» **What the exercise asks**: An exact copy is needed of the lines in the entries below from the line with "4月19日,随着中国林学会副" up to and including the line with "Как мы уже отметили", and of nothing else. Leave the pictures out.

» **Supplied information**:
——
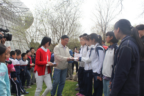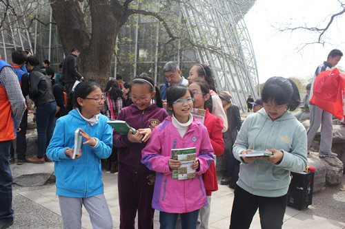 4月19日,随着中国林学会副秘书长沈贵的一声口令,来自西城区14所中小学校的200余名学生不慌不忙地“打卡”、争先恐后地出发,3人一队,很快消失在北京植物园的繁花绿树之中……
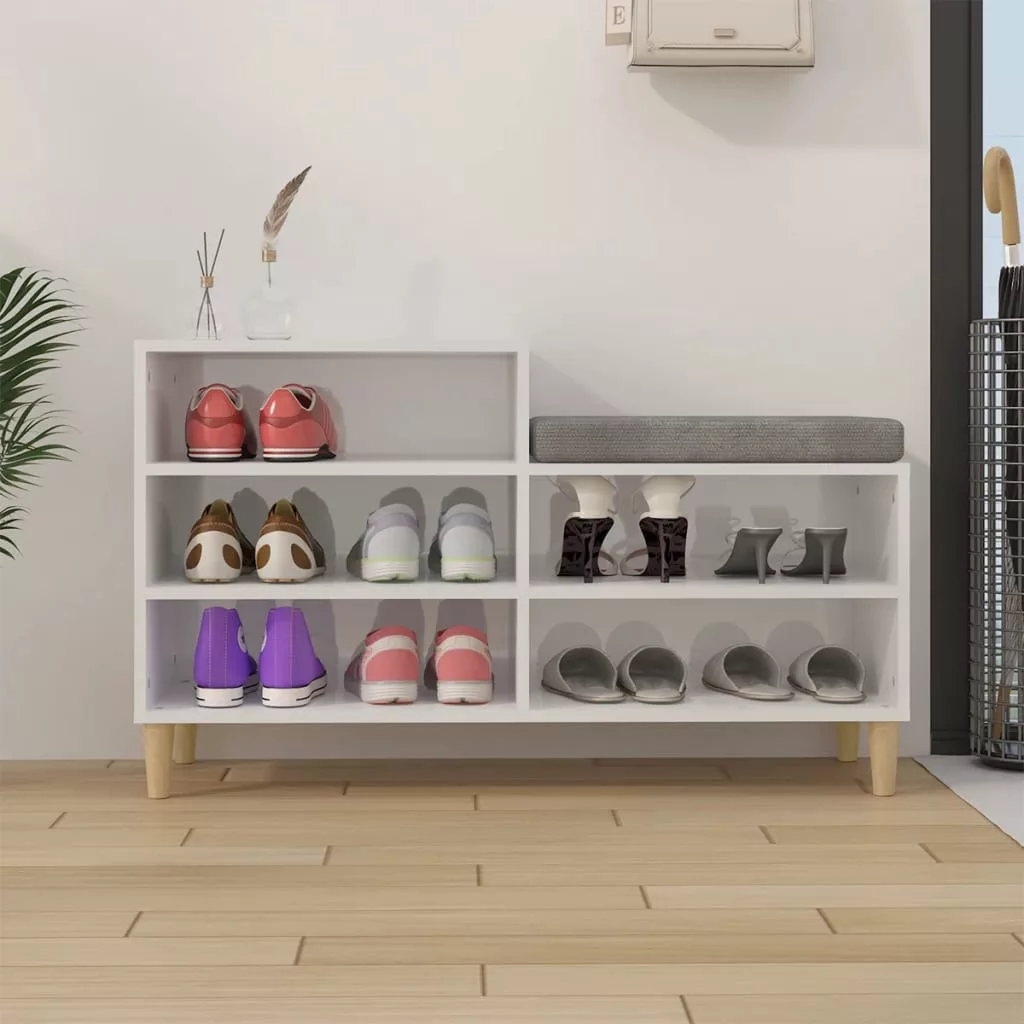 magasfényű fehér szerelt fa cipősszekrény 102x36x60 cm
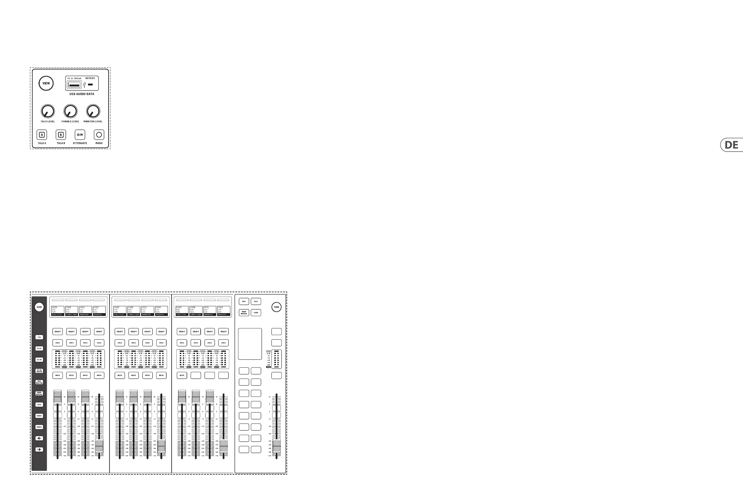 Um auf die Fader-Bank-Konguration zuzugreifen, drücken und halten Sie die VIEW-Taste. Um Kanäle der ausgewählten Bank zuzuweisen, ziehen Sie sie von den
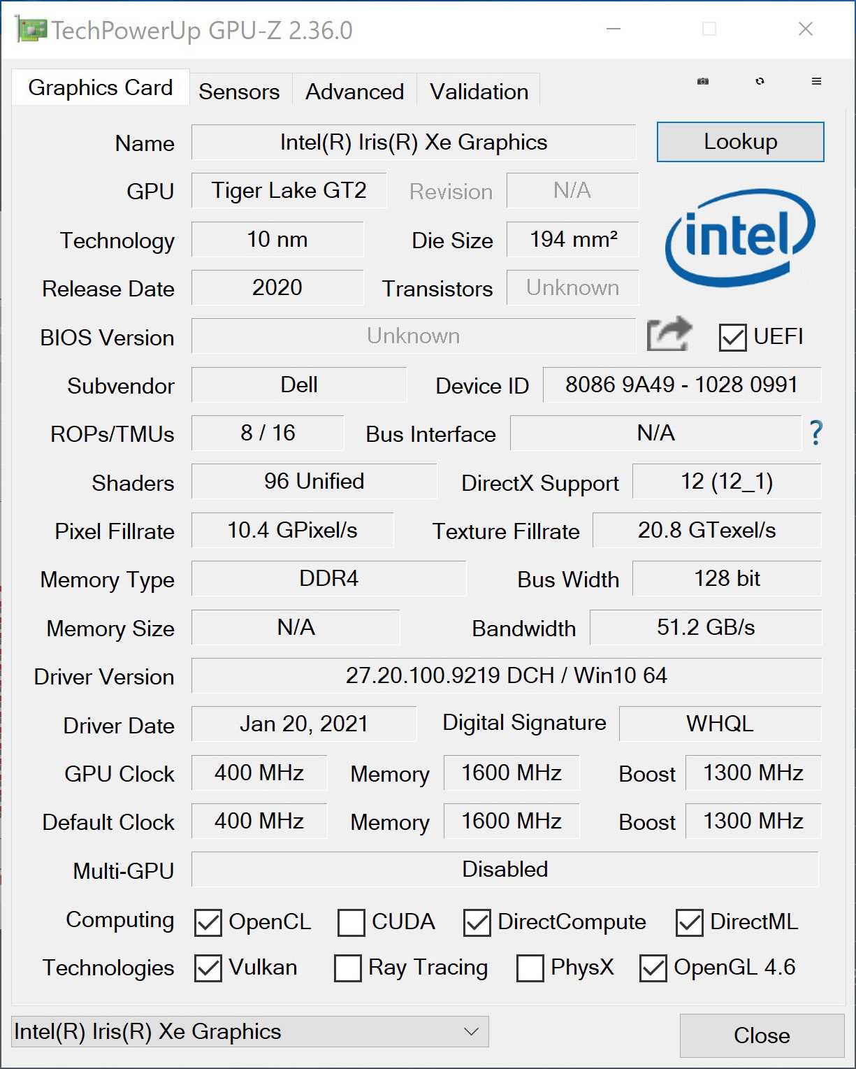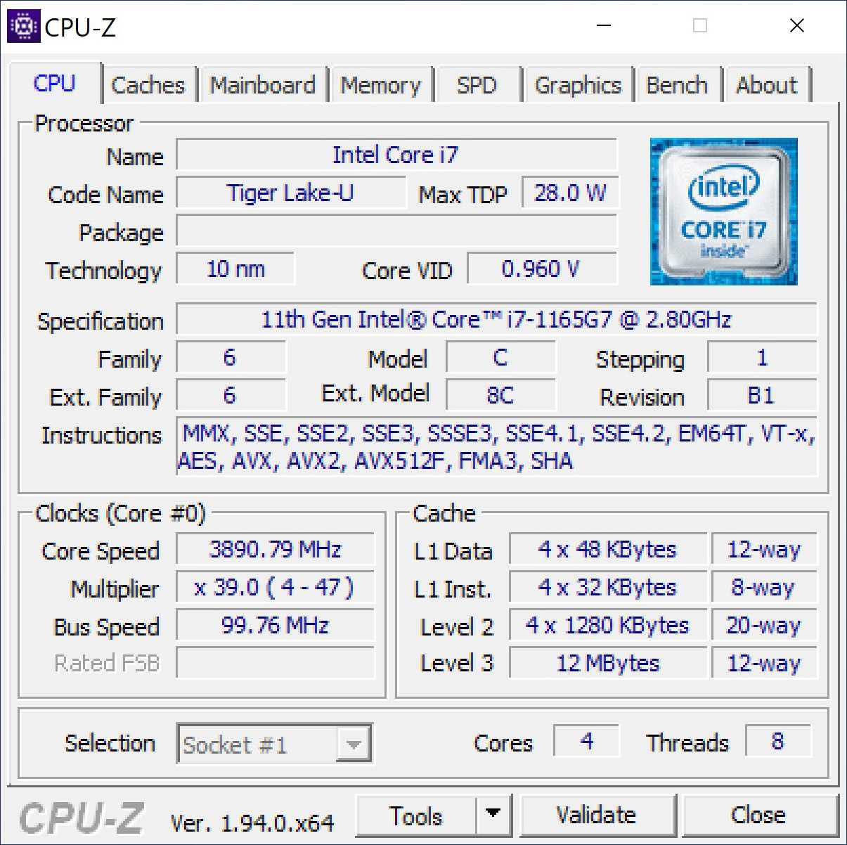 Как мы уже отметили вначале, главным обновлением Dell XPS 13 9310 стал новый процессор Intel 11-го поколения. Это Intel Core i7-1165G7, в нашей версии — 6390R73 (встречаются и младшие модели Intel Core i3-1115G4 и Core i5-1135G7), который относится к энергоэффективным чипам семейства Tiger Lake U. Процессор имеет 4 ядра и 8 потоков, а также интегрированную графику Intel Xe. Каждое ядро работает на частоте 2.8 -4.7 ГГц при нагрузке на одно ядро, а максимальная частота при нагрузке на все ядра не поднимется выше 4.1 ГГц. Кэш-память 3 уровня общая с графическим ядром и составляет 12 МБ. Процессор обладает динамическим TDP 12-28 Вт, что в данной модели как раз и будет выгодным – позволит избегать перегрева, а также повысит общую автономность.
——
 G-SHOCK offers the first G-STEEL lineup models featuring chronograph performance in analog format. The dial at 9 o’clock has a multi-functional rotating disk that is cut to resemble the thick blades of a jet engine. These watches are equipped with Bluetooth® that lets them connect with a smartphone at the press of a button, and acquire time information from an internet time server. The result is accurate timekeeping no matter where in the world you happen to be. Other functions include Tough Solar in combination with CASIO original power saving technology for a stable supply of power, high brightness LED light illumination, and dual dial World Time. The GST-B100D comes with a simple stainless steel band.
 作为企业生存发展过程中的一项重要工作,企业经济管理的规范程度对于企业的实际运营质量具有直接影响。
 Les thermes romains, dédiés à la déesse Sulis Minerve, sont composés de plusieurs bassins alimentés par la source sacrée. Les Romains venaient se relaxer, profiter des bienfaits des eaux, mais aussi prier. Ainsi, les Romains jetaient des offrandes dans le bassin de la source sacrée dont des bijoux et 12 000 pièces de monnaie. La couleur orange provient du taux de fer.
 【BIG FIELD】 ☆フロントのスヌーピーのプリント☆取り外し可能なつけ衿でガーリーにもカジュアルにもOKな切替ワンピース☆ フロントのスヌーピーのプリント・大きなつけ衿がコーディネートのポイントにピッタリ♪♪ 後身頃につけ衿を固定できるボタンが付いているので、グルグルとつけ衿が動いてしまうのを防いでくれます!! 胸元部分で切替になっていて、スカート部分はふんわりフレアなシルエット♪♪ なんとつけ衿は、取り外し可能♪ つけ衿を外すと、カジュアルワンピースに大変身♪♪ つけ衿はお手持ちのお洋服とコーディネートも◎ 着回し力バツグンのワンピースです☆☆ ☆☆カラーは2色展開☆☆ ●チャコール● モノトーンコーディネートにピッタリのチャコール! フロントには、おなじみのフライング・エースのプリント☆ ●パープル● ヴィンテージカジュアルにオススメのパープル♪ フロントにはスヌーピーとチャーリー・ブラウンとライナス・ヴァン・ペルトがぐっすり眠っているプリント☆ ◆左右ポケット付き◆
——
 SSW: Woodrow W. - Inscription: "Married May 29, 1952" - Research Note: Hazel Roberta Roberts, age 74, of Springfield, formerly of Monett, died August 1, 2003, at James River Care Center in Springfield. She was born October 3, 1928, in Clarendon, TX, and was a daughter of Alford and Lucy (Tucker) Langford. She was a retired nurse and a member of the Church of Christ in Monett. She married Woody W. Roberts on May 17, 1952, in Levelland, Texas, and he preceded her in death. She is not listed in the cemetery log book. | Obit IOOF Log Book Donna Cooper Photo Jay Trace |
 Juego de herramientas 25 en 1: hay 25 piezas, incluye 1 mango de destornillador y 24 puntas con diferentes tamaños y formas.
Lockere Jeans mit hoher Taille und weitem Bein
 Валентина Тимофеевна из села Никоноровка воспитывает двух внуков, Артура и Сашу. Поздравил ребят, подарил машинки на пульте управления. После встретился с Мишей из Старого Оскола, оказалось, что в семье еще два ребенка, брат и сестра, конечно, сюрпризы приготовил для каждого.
——
» **Answer to this exercise**:
 4月19日,随着中国林学会副秘书长沈贵的一声口令,来自西城区14所中小学校的200余名学生不慌不忙地“打卡”、争先恐后地出发,3人一队,很快消失在北京植物园的繁花绿树之中……
 magasfényű fehér szerelt fa cipősszekrény 102x36x60 cm
 Um auf die Fader-Bank-Konguration zuzugreifen, drücken und halten Sie die VIEW-Taste. Um Kanäle der ausgewählten Bank zuzuweisen, ziehen Sie sie von den
 Как мы уже отметили вначале, главным обновлением Dell XPS 13 9310 стал новый процессор Intel 11-го поколения. Это Intel Core i7-1165G7, в нашей версии — 6390R73 (встречаются и младшие модели Intel Core i3-1115G4 и Core i5-1135G7), который относится к энергоэффективным чипам семейства Tiger Lake U. Процессор имеет 4 ядра и 8 потоков, а также интегрированную графику Intel Xe. Каждое ядро работает на частоте 2.8 -4.7 ГГц при нагрузке на одно ядро, а максимальная частота при нагрузке на все ядра не поднимется выше 4.1 ГГц. Кэш-память 3 уровня общая с графическим ядром и составляет 12 МБ. Процессор обладает динамическим TDP 12-28 Вт, что в данной модели как раз и будет выгодным – позволит избегать перегрева, а также повысит общую автономность.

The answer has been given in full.